I liked the ending, poignant, yet understated. Bertha being a grandmother, I thought it strange that she did not 'pass over' with her partner or lover. A reference to her relationship with him, in her memories or dreams, would have added interest and rounded her character, perhaps.


Your care in the writing of Bertha's dilemna came across as heartfelt and moving. Thank you for your entry




*I* then say:



"Exodus"
velo
SPAG: 5/5
Tone and Voice: 4/5
Effect: 8/10
Total: 17/20
I really liked this atmospheric futureshock piece. The contrast between the protagonist's mounting panic and the lady's perpetual calm really escalate the drama. Just a couple of very minor things to aid with readability: Long, nondescript brown tresses cascade over a white and green dress." - the assonance in "ess" consires to take me out of the story. Not a huge amount, but a bit. Also, think about whether you need each filter word. Eg: "I notice that the silence is filled with layers of sound:"  - you could remove the "I notice that", lose nothing, and gain perspective and in-head POV. But good. Probably the only improvements you could make are those special touches that make a thing unique.

===

"Eclipse"
Dormouse
SPAG: 3.5/5
Tone and Voice: 4/5
Effect: 8/10
Total: 15.5/20

Pretty good premise, the War of the Worlds scenario from an accessible invaders' perspective, and with the mounting tension of extinction looming, before crashing in with certainty. I also thought the way you applied the LDOE promot to Mars was clever. 

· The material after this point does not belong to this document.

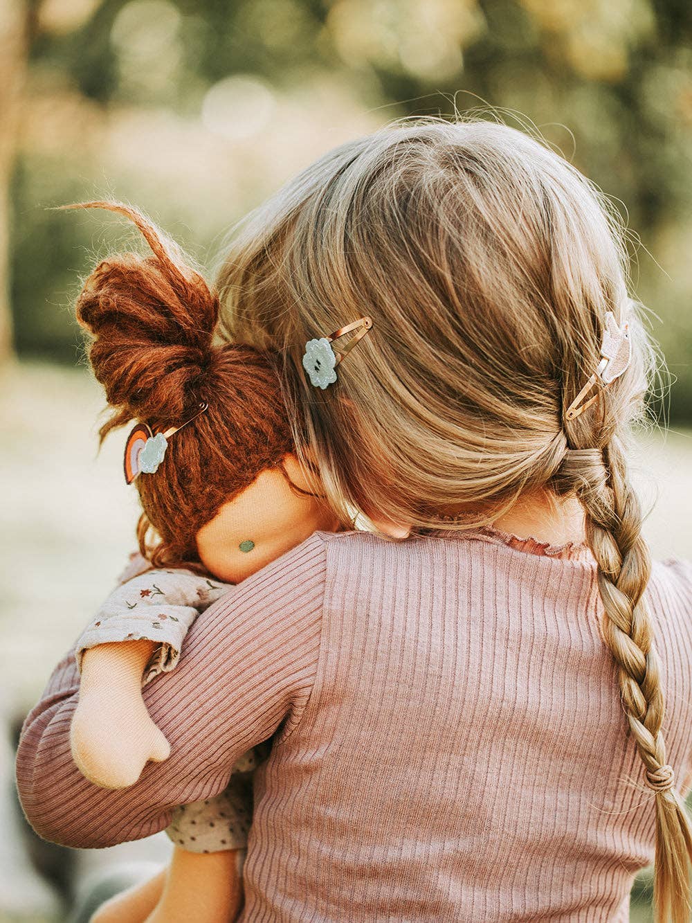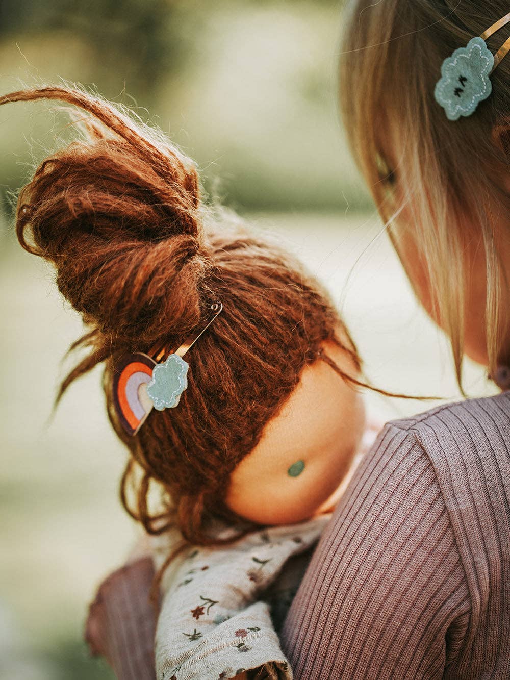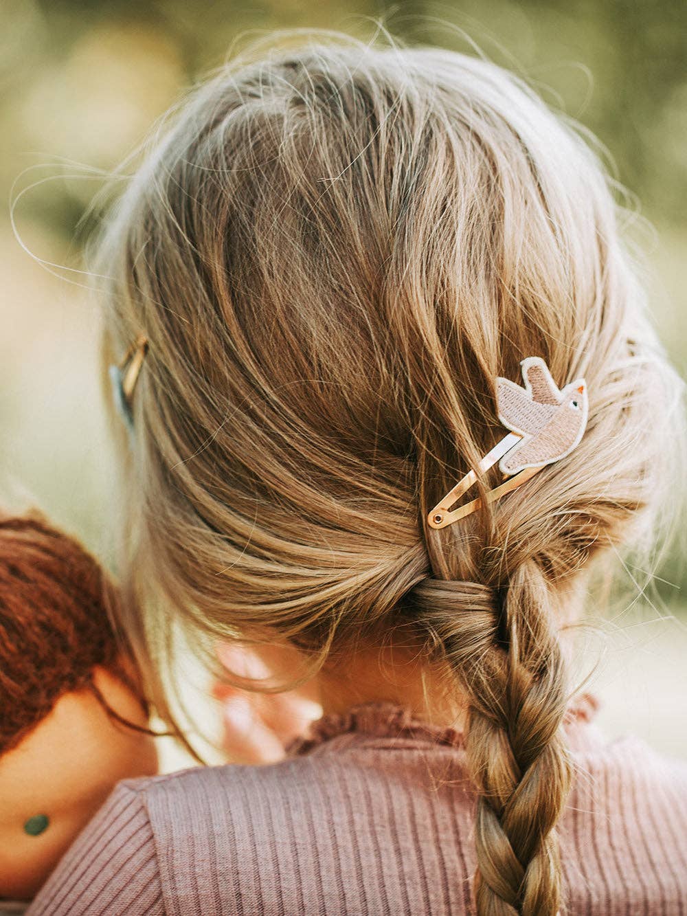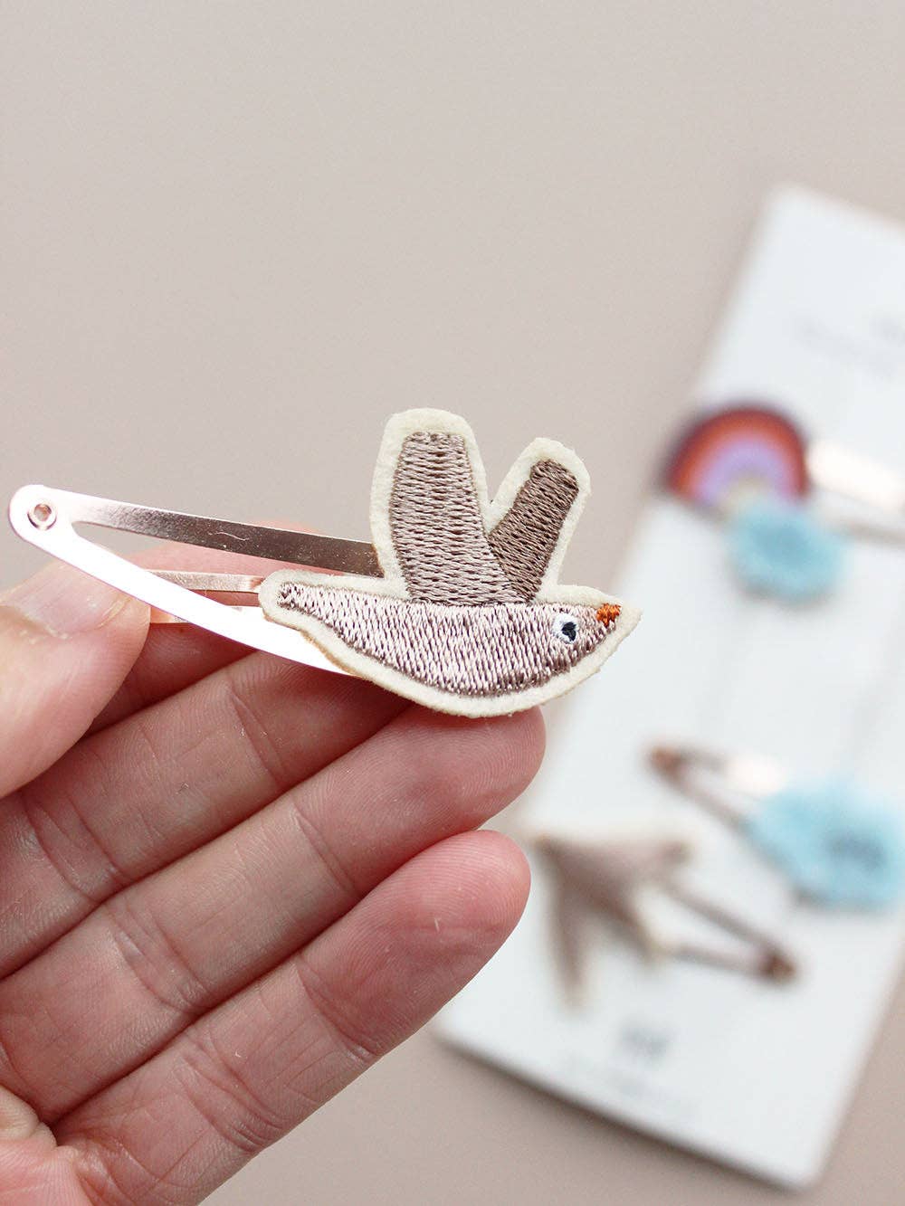 Zartes rosegold gepaart mit der Leichtigkeit von Regenbogen und Vogel. Dieses Haarspangen Set bietet luftig fröhliche Leichtigkeit und hält jedes Haar stilvoll an Ort und Stelle. Die Spangen sind in rosegold was wunderbar mit dem beigen Stickerei der Vögel harmoniert.

However You do have a slight tendency towards sentence splicing and fragments, eg:

The on board computer scanned the ship looking for life signs. Exactly as it had been doing every night for the last week.[<- why is this a separate sentence?] However this night it could detect none. As the program specified it waited a standard Earth hour and ran the scan again, [comma splice/run on] still no life signs showing.

I undertsand you are looking to have voice and personality, but at that point the perspective is very Omni 3rd, so why? Similarly this:

The Regent says turning on Lieutenant Dodar [... should have a comma or conjunction here ...] trying to not show his panic.

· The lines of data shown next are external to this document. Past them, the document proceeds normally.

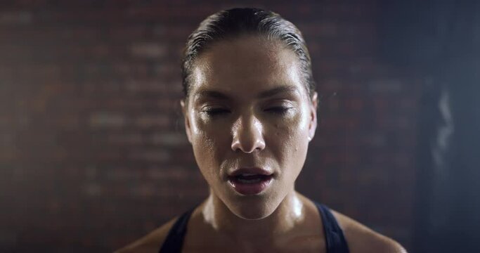 Conviction focused determined passionate confident powerful eyes stare intense athlete exercise trainer male
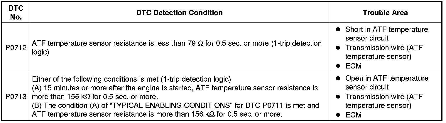 These DTCs indicate an open or short in the automatic transmission fluid (ATF) temperature sensor (TFT sensor) circuit. The automatic transmission fluid (ATF) temperature sensor converts ATF temperature to an electrical resistance value. Based on the resistance, the ECM determines the ATF temperature, and the ECM detects an opens or shorts in the ATF temperature circuit. If the resistance value of the ATF temperature is less than 79 Ohms *1or more than 156 kOhms *2, the ECM interprets this as a fault in the ATF sensor or wiring. The ECM will turn on the MIL and store the DTC.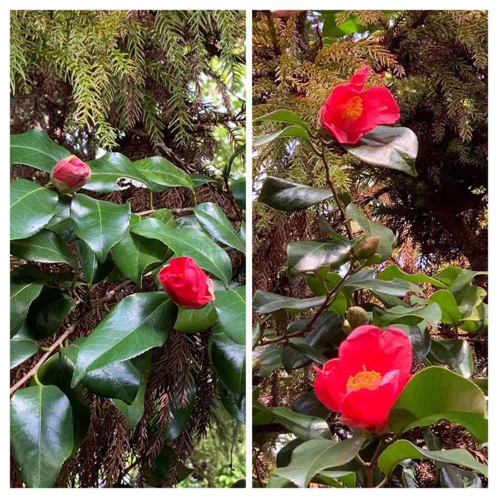 朱色に近い明るい椿は、ハッとする素敵な、椿ですね。
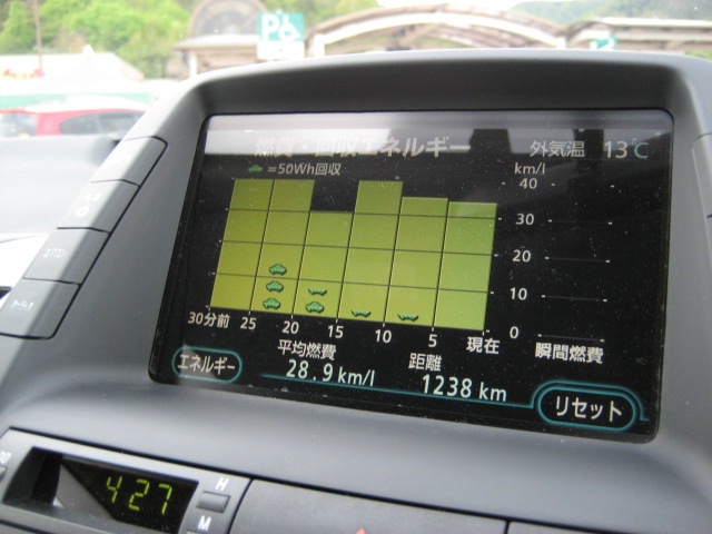 2009年4月26日 今回の距離数の内、約600kmは高速道路。結構良い燃費である。 今のタイヤ空気圧は4本全て2.5で十分期待に応えてくれる。 ただ、このタイヤは外気温度が低いと、以前のGT3のようには良い燃費は出ない感じ。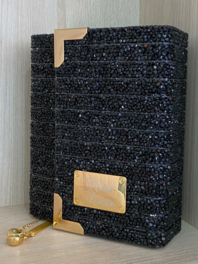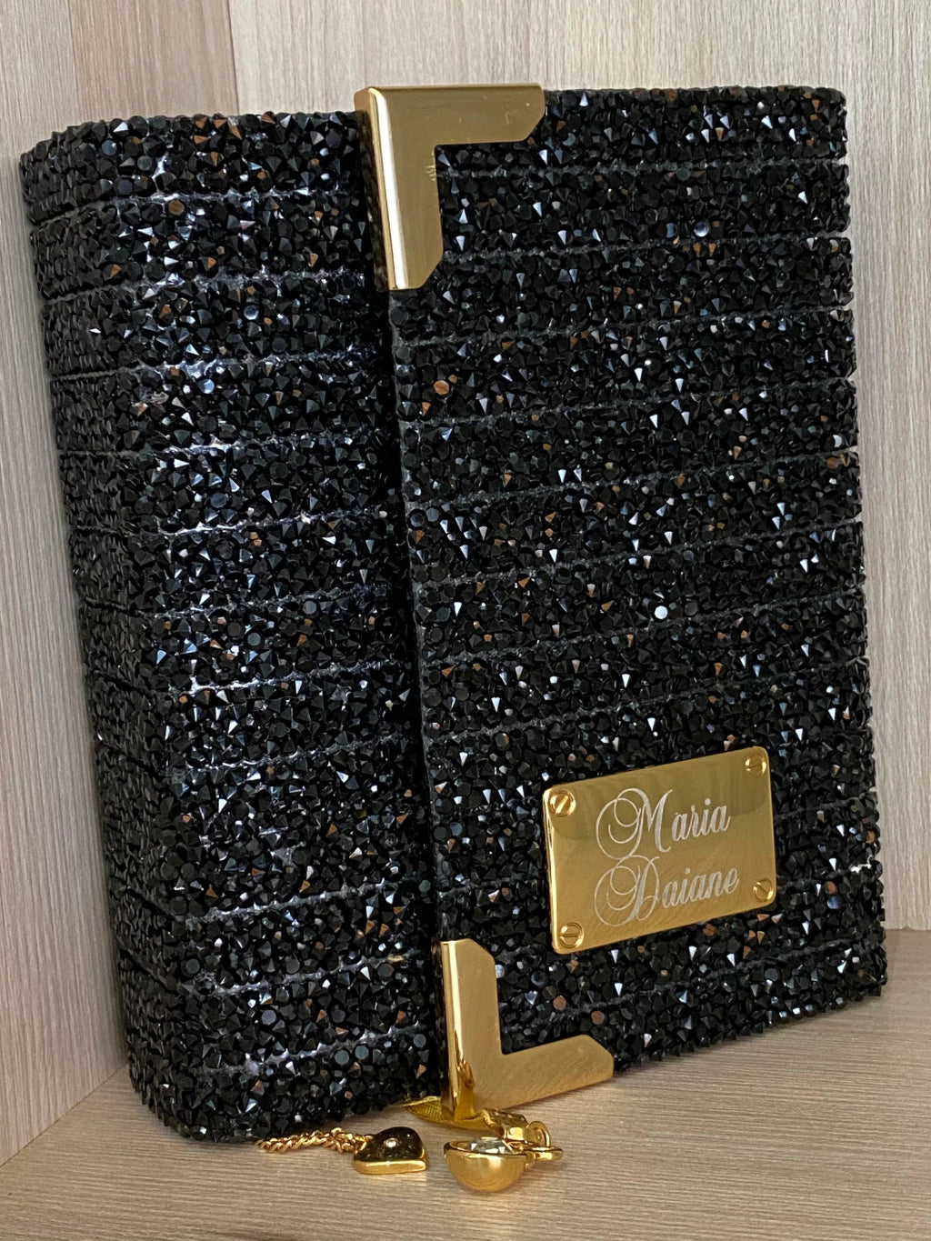 Descubra a união perfeita entre tradição e sofisticação com nosso Binário Carteira Black Diamond. Uma bela Bíblia com Hinário, adornada com pedrarias em formatos de diamante, capa fixa e cantoneiras espelhadas que resistem ao tempo, o fecho proporciona maior cuidado e durabilidade das páginas. Personalizada com seu nome, esta peça exclusiva vem com dois marcadores de página.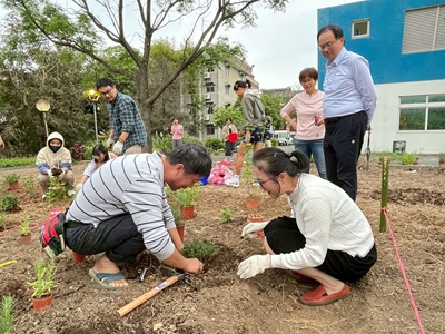 啟用儀式由唐彥博校長親自領軍,偕同曾鴻鍊執行董事、沈文賜學長、台灣長青橄欖球俱樂部會長暨66級紡織科校友陳永生學長,以及樂齡福祉與健康促進系鍾秀琴主任、李旻陽老師等師長嘉賓共同揭開序幕。眾人紛紛換上雨鞋、戴起手套,歡喜雀躍地下田參與種植。
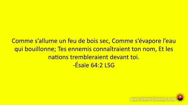 Comme s'allume un feu de bois sec, Comme s'évapore l'eau qui bouillonne; Tes ennemis connaîtraient ton nom, Et les nations trembleraient devant toi. -Ésaïe 64:2 LSG

I liked this little bit: "It is not like we are little green men or anything."

mother ship, pre arranged  - these should be one words or joined with a hyphen

also watch your dialogue tagging: 
“Are the scrubbers not working? What is being done? When you are not here spreading doom and gloom you are working on a cure.Yes?” [missing dialogue tag, "yelled X", "Y said"] grabbing the Doctor's jacket and screaming in his face. There is also alot of dialogue at the beginninbg od th main biut which can render it a bit talking headsy, though in this instance the general plot overrode that.

But I liked it. It had the desired impact.

Incidentally this piece, by my MS Word count, was 605 words. You had 25 more spaces to play with!

===

"Untitled / 6th August 2318 AD/350 AA"
Jonthom
SPAG: 5/5
Tone and Voice: 4/5
Effect: 8/10
Total: 18/20

A good locked-room sci-fi entry, with a bloody gladiatorial fate in store for those who unwittingly cross the timeline. No big technical writing issues that I could see, so I feel like I am in pretty competent hands here. 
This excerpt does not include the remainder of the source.